И снова пальцы-сардельки забегали по струнам и пошел рассказ о ротном санинструкторе, тоненькой девушке, в которую на передовой все были влюблены: и молодые, и пожилые. Как она во время боя слабыми ручонками, которыми тяжелее расчески, зеркальца и книжки ничего в жизни она не поднимала, тащила волоком искромсанные мужские тела, и, свалив очередного раненого в ближайшую воронку, сдувая машинально пот с верхней губы, чтобы не капнул в рану, судорожно бинтовала его индивидуальными пакетами, хрипя от смертной усталости нежные слова, которые она кому-то не успела дошептать в мирное время.
- Потерпи, миленький, потерпи, родной!
- Мне годами казались минуты,
И как прежде, шел яростный бой.
Медсестра, дорогая Анюта,
Подползла, прошептала: “Живой!”
Ему только и надо было услышать это одно-единственное слово: “живой”.
А потерпеть - он потерпит…
У меня вдруг сжало горло, как в детстве. Когда незаслуженно обидят. Стало трудно дышать…
- Медсестру, дорогую Анюту
Не забыть мне, друзья, никогда!
Песня подошла к концу. Спартак пятерней накрыл струны:
- Молодой, возьми инструмент. Спасибо.
- Это про нашу Аньку, что ли? - спросил кто-то со смешком от углового столика.
- Анна Николаевна в то время, надо полагать, пешком под стол ходила.
- Размундяи, - Анька всучила Володе поднос с полными кружками, - подай нищебродам. Пускай зальются… Не расплескай, гляди!..
- Мужики, завтра весна будет, яблони зацветут! - заорал Володя. - Анька угощает.
Ветераны закричали “Ура!” и стали чокаться со Спартаком, между собой.
- Благотворное воздействие искусства на душу буфетчицы, - иронично протянул мой сосед с седыми висками, по-прежнему аккуратно кладя соль на краешек очередной кружки.
Спартак вдруг резко повернулся в нашу сторону:
- В авиации служил? - спросил он требовательно, и я не сразу сообразил, что это он спрашивает у меня. Я несколько растерялся. Я действительно служил в авиационных частях, но откуда ему про то известно?
- В наземной. Аэродромный ас, - попытался я отшутиться.
Он, казалось, не заметил этого:
- Все равно. Хочешь знать, когда мы всерьез научились сбивать “мессеры”?
Вопрос был чисто риторическим, он не ждал от меня ответа, просто ему зачем-то нужно было выговориться в эту минуту.

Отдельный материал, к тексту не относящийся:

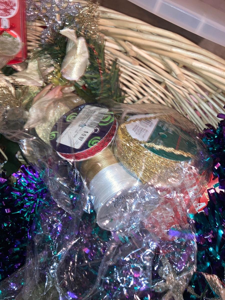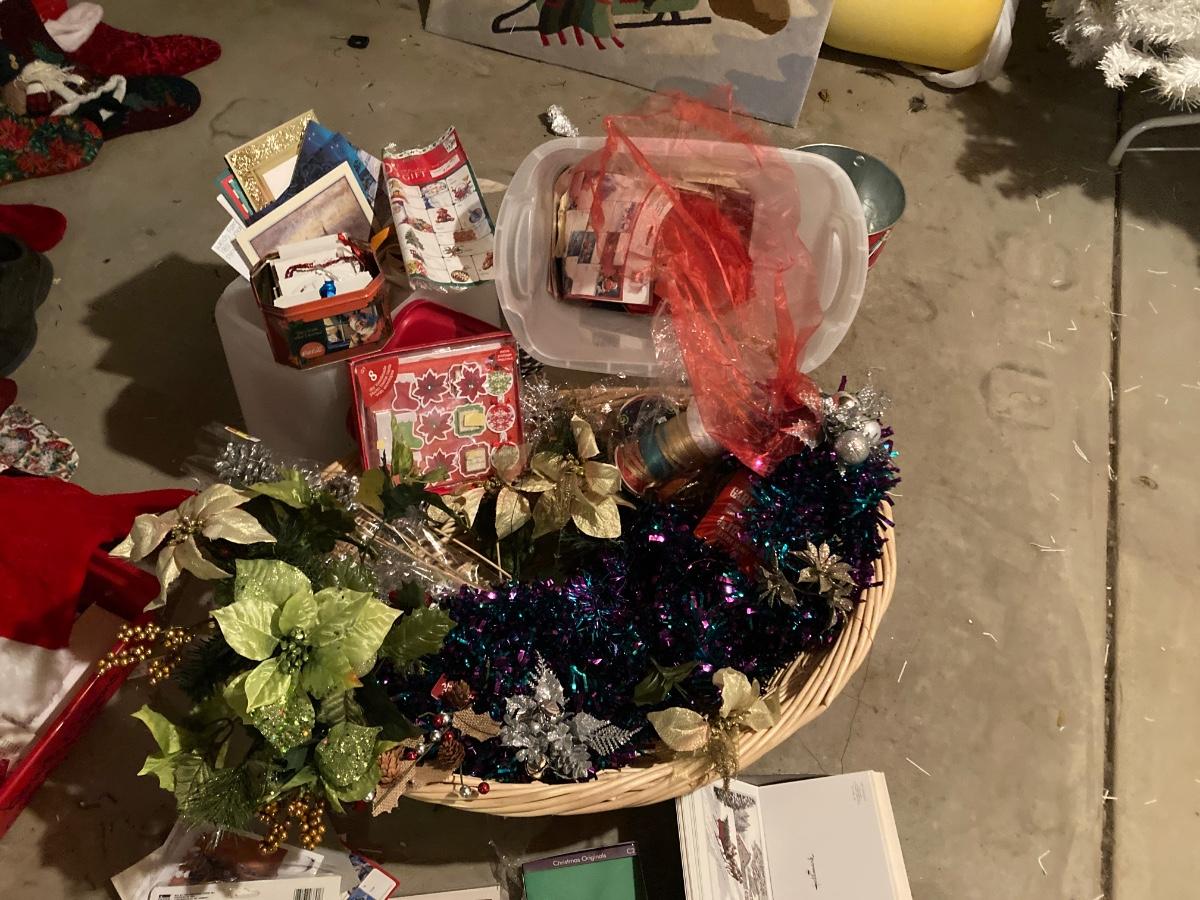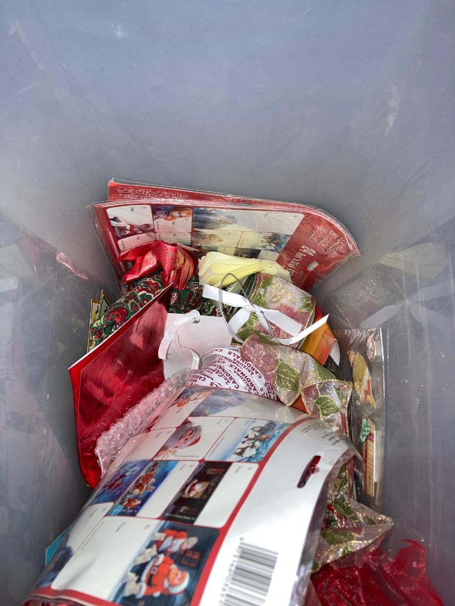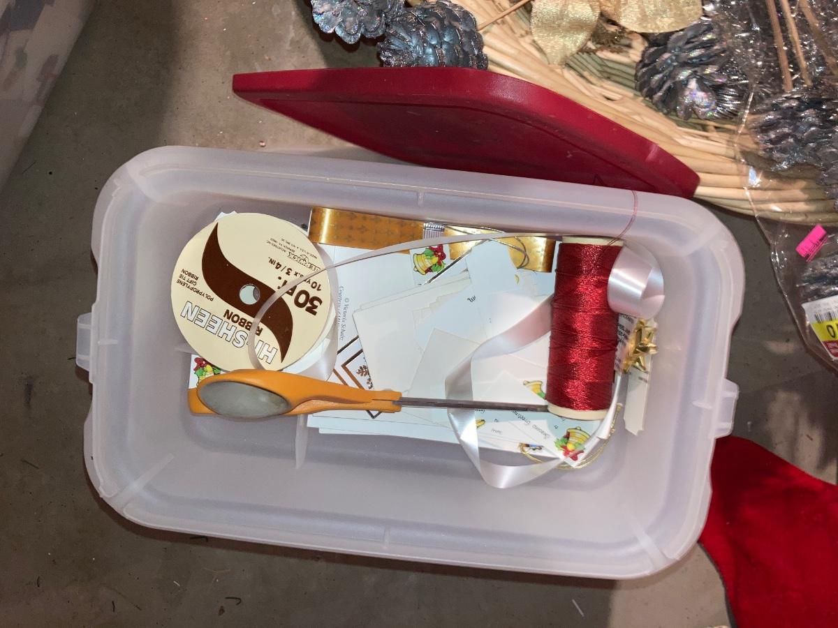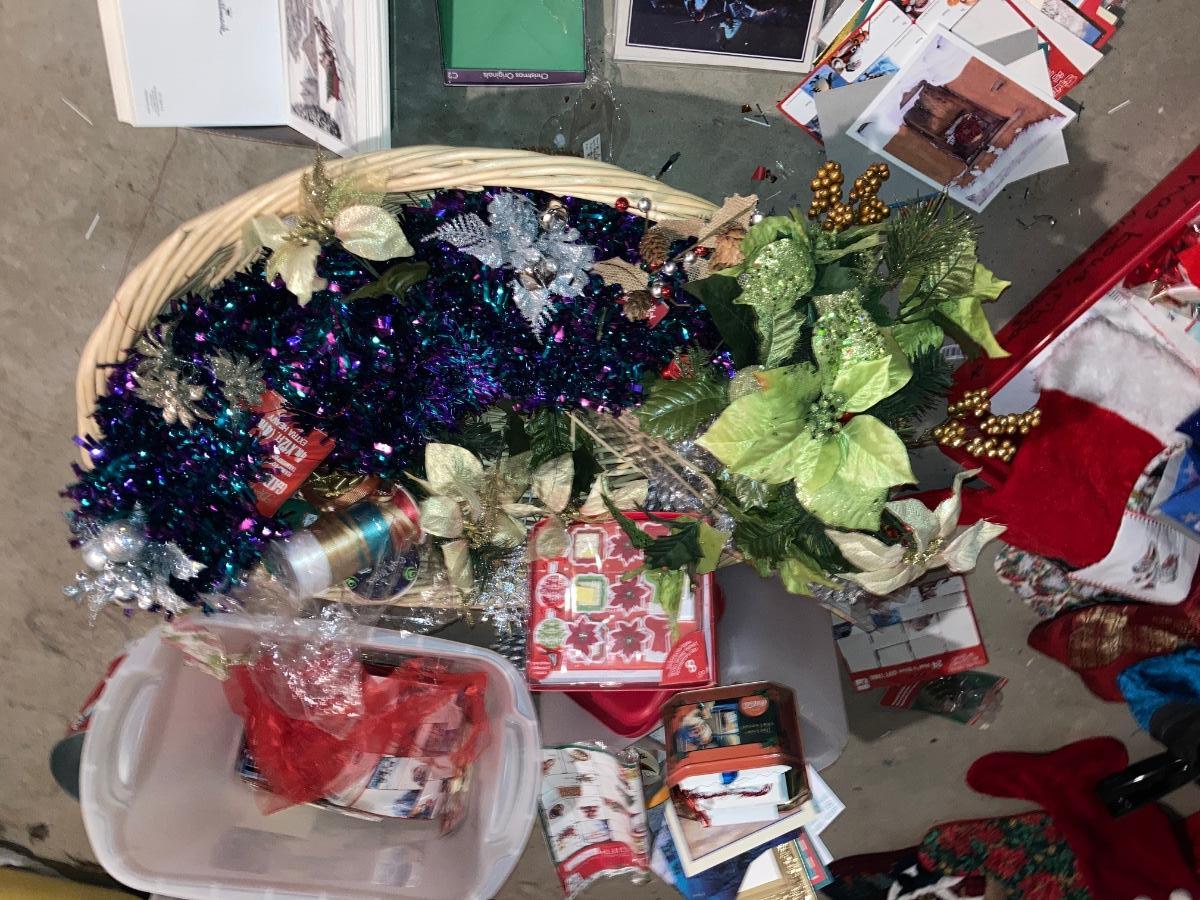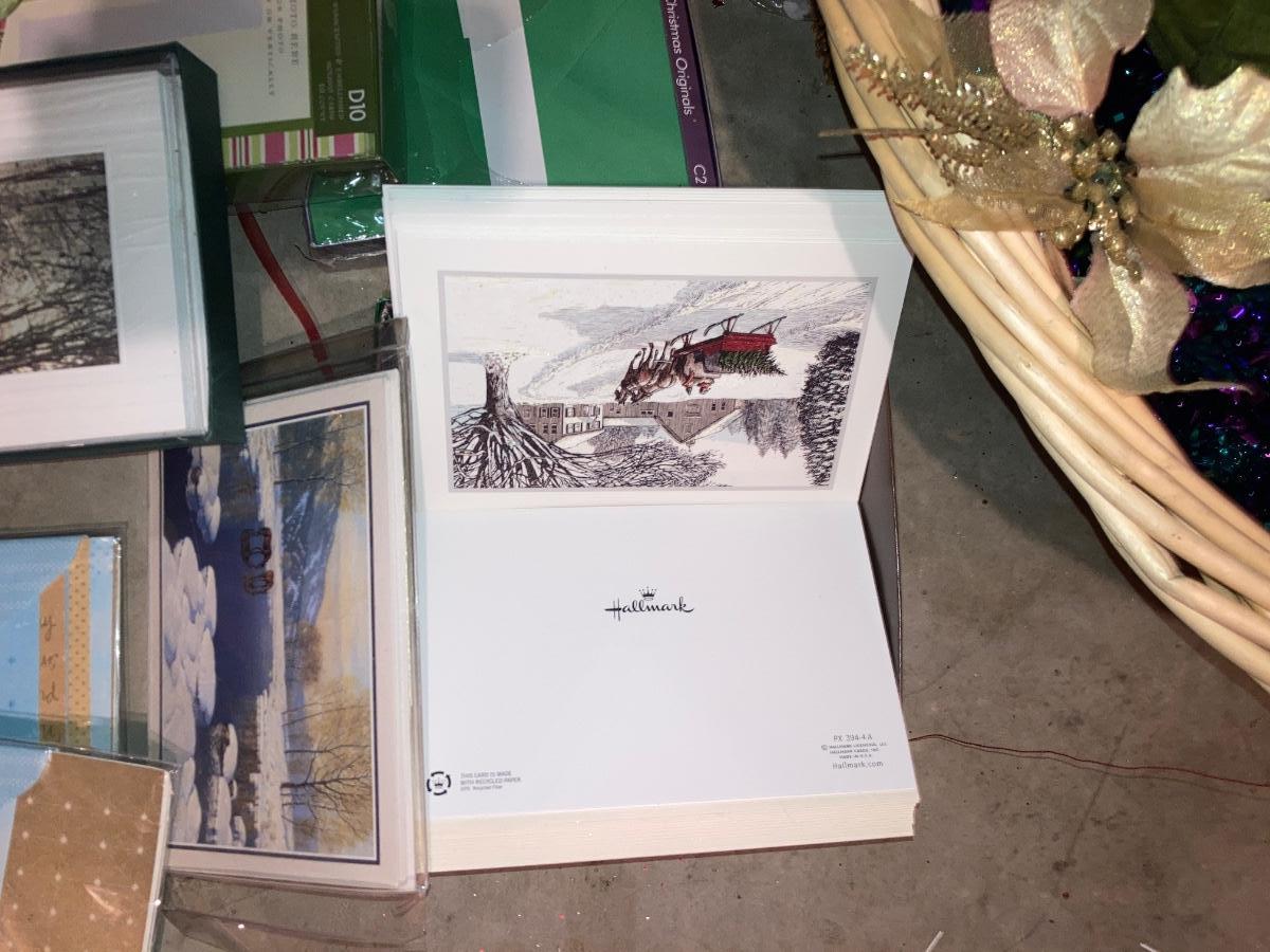 GREETING CARDS GALORE WRAPPING TOTE WITH A BUNCH OF TRIMMINGS FOR THE 🍒 TREE
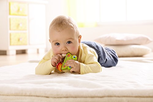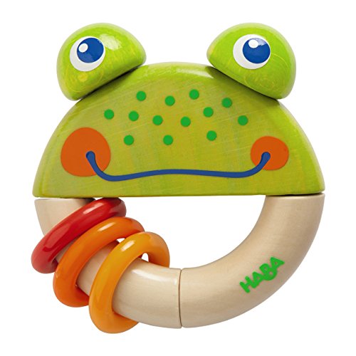 This grinning frog friend is the perfect first toy. Your child will be drawn to the bright colors and will find lots of enjoyment simply exploring its textures, examining the colored rings and shaking it all around. This German-made wooden teether and the smaller wooden rings attached to it are expertly designed to help develop clutching and grasping skills. Made in Germany of solid beech wood and plastic.

- Когда у нас на вооружении появился истребитель Ла-5. Помнишь? Хотя бы по фильмам?
- Немного.
- Игрушка! По всем параметрам не уступает “мессеру”! Вооружение! Скорость! И мотор с воздушным охлаждением! Сечешь?
- Не очень…
- Короткий ликбез: при выходе из петли, перед тем, как запрокинуться на спину, самолет на какой-то миг зависает в так называемой мертвой точке. Чем тяжелее мотор, тем миг зависания длиннее. У “мессера” охлаждение жидкостное, а значит?..
- Мотор тяжелее.
- Точно! При бое на вертикалях, когда крутишь петли и гоняешься друг за другом до посинения, когда непонятно, кто кошка, а кто мышка, легкость моего “лавочника” начинала в конце концов сказываться. После каждого витка я выигрывал у него расстояние. Какие-то метры, но выигрывал! И вот наступает тот момент, когда заходишь к нему в хвост! А он зависает перед тобою, как картинка! Как мишень на голубом щите! И вот тут-то! - Его крупные, широкие ладони сжались в кулаки, костяшки суставов побелели. Суженными до ножевой прорези глазами он глянул куда-то вверх, в угол потолка:
- И тут в него!.. в хвост! в гриву! в крылья! в корпус! в элероны! в заклепки! в кресты! в душу мать!.. из всех гашеток!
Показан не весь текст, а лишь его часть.